Objectives: In this study, we employed a rat model and examined the expression pattern of neuregulin-1 (NRG-1) in optic nerve and retinal ganglion cells (RGCs) in response to optic nerve injury to understand the role of NRG-1 in conferring protection against acute optic nerve injury.
Method: Forty-eight male rats were randomly divided into two groups, the sham-operation group (n=24) and optic nerve injury group (n=24). Flash visual evoked potentials (FVEP) and fundography images were acquired at different time points following optic nerve injury (2h, 1d, 2d, 7d, 14d and 28d). Semi-quantitative analysis of NGR-1 expression pattern was performed by immunohistochemistry (IHC) staining. In a related experiment, 100 male rats were randomly divided into NGR-1 treatment group (n=60) (treated with increasing dose of NGR-1 at 0.5μg, 1μg and 3μg), normal saline (NS) group (n=20) and negative control group (n=20). Optic nerve injury was induced in all the animals and in situ cell death was measured by detecting the apoptosis rates using TUNEL assay.

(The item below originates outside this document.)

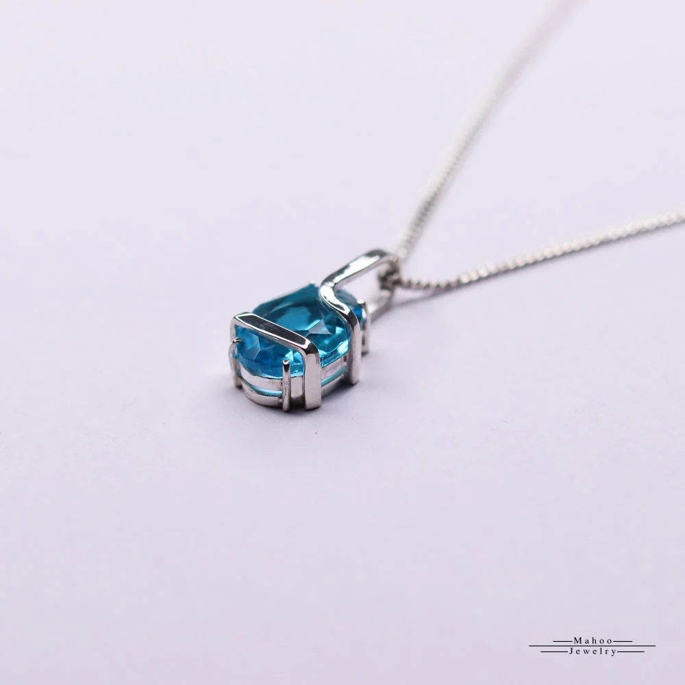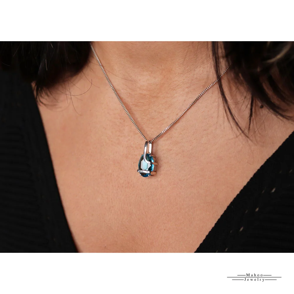 یک نگین بزرگ رنگ آبی آسمانی (آکوامارین سنتتیک) تراش بیضی سایز 10 در 19 میلیمتر داره که زیبایی بی نظیری به این گردنبند داده.

Results: Fundus photography results revealed no detectable differences between the sham-operation group and optic nerve injury group at 2h, 1d, 2d and 7d. However at 2weeks, the optic discs turned pale in all animals in the optic nerve injury group. NRG-1 expression increased significantly at all time points in the optic nerve injury group (P<0.05), compared to the sham-operation group, with NRG-1 expression peaking at 14d and gradually declining by 28d. Statistically significant differences in amplitude and latency of P100 wave were also detected between the optic nerve injury and sham-operation group (P<0.05). In related experiment, compared to NS group, treatment with 1μg and 3μg of recombinant human NRG-1 resulted in statistically significant FVEP-P100 amplitude values (all P<0.05). Further, compared to the NS group, ganglion cell apoptosis was dramatically reduced in the NRG-1 group at all time points and the reduction was statistically significant in 3μg NRG-1 treatment group at 7d, 14d and 28d (all P<0.05).
Conclusion: Our results strongly suggest that NRG-1 is highly effective in preserving normal optic nerve function and is essential for tissue repair following optic nerve injury. Thus, NRG-1 expression confers protection against acute optic nerve injury in a dose-dependent manner.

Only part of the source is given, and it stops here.